# Data section:
■ ■ ■ ■
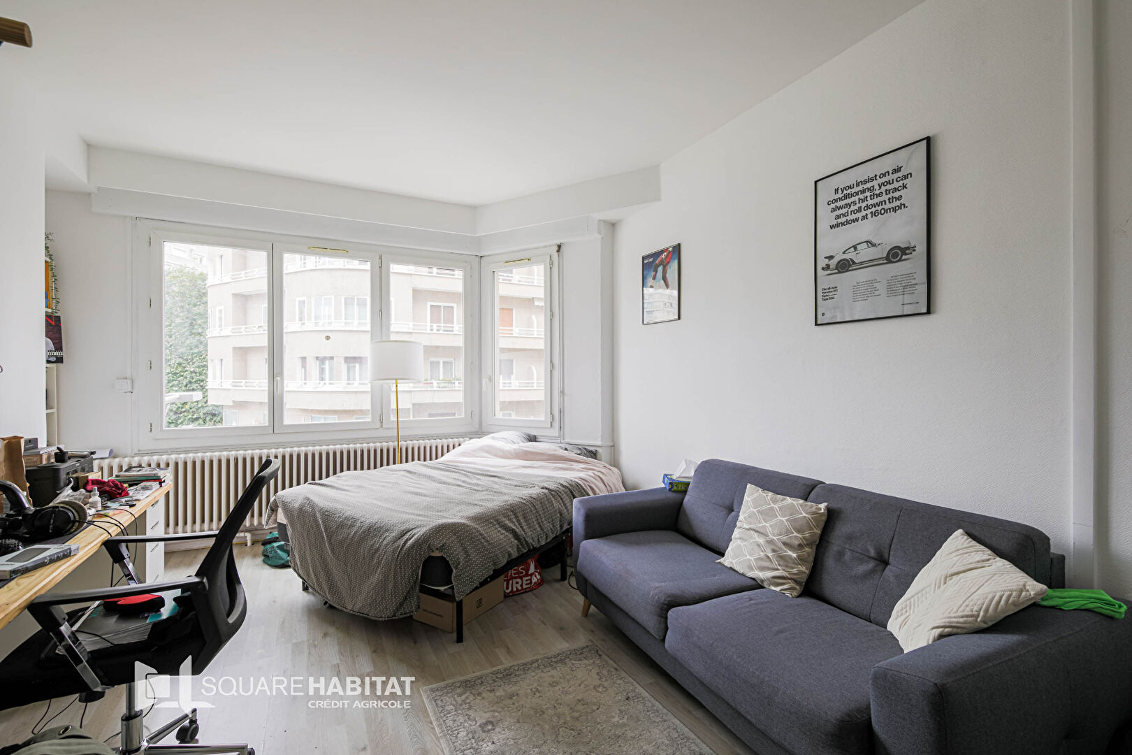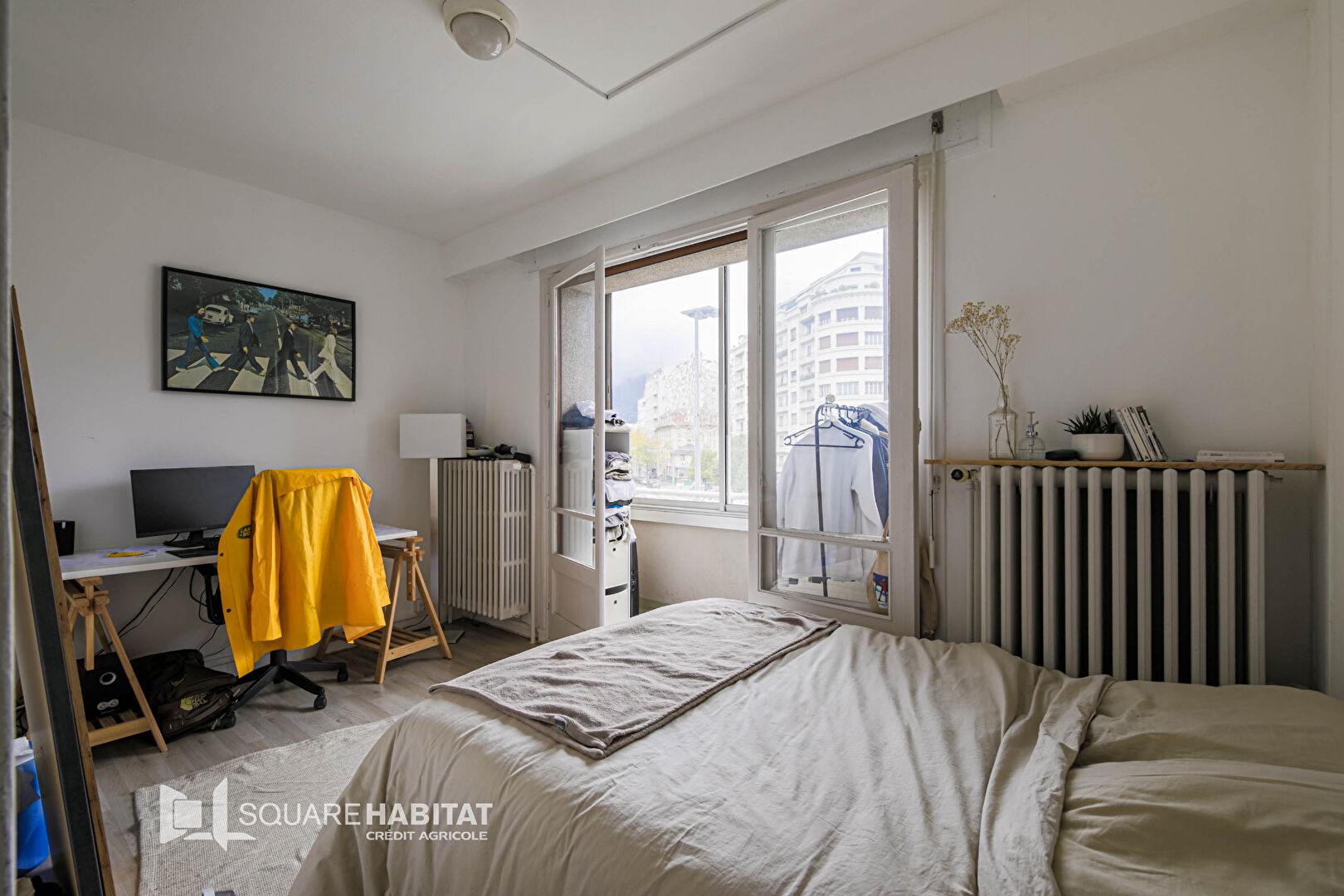 L'appartement se compose de quatre grandes chambres, dont deux avec accès à un balcon et à une loggia, d'un salon lumineux, d'une cuisine américaine équipée, d'une salle d'eau et d'un WC séparé.
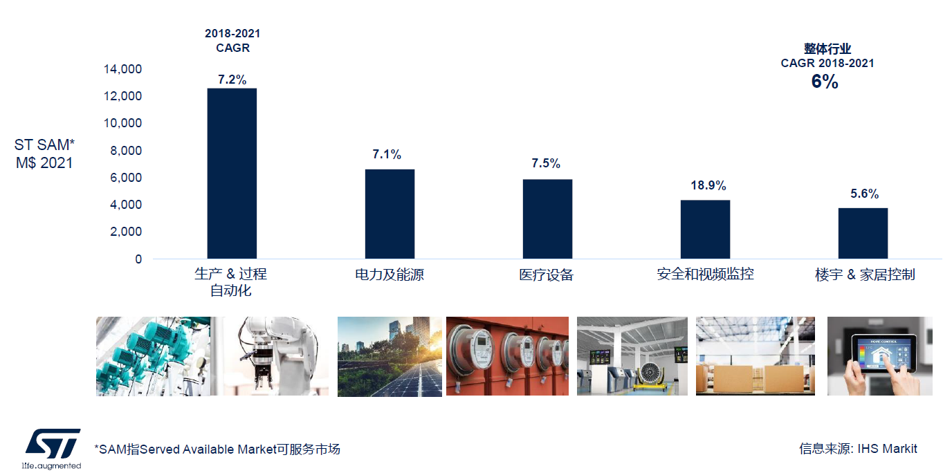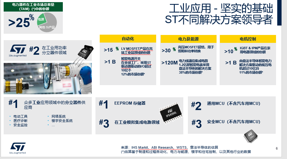 图3:ST在工业市场不同细分领域的市场份额情况。
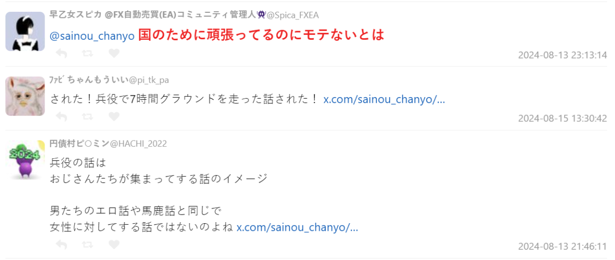 不過亦有網友指出,當兵雖說是對國家的付出,這種話題不受歡迎可能也是在所難免。畢竟日本人沒有義務役,比較難想像這樣的話題。但網友也指出,通常會聊當兵的通常是年長的男性,一群人聚在一起難免就會這樣。
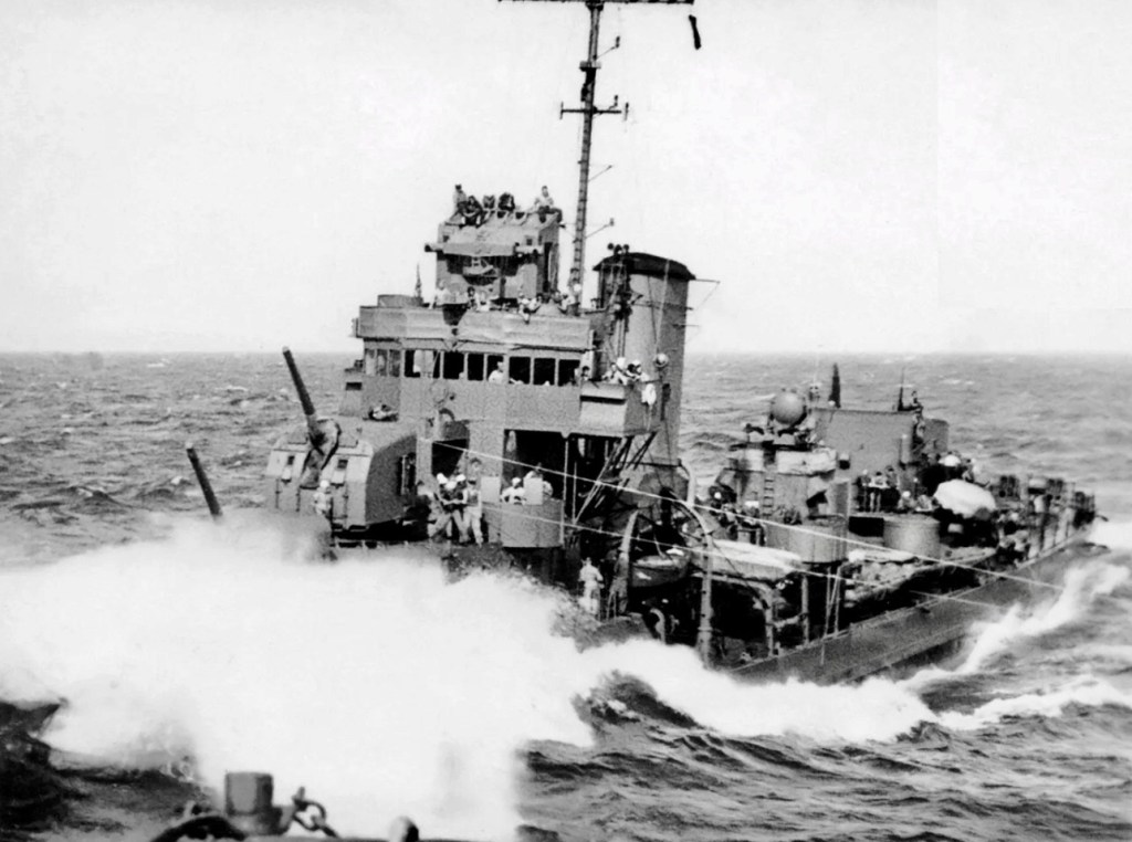 “Mugs” was repaired in Sydney and back on patrol in the fall of ’42; I want to say at this point that there are some great detailed histories of her career, not just in Wikipedia but in several other naval pages as well. The late war years saw her escorting the battleship Maryland to Puget Sound, doing some patrolling and then finally radar and picket duty back in the war zone of the western Pacific from March 1945 to the end of the war.
■ ■ ■ ■
# What to produce:
Copy each line above exactly. Images do not belong in the copy.

# Answer box:
 L'appartement se compose de quatre grandes chambres, dont deux avec accès à un balcon et à une loggia, d'un salon lumineux, d'une cuisine américaine équipée, d'une salle d'eau et d'un WC séparé.
 图3:ST在工业市场不同细分领域的市场份额情况。
 不過亦有網友指出,當兵雖說是對國家的付出,這種話題不受歡迎可能也是在所難免。畢竟日本人沒有義務役,比較難想像這樣的話題。但網友也指出,通常會聊當兵的通常是年長的男性,一群人聚在一起難免就會這樣。
 “Mugs” was repaired in Sydney and back on patrol in the fall of ’42; I want to say at this point that there are some great detailed histories of her career, not just in Wikipedia but in several other naval pages as well. The late war years saw her escorting the battleship Maryland to Puget Sound, doing some patrolling and then finally radar and picket duty back in the war zone of the western Pacific from March 1945 to the end of the war.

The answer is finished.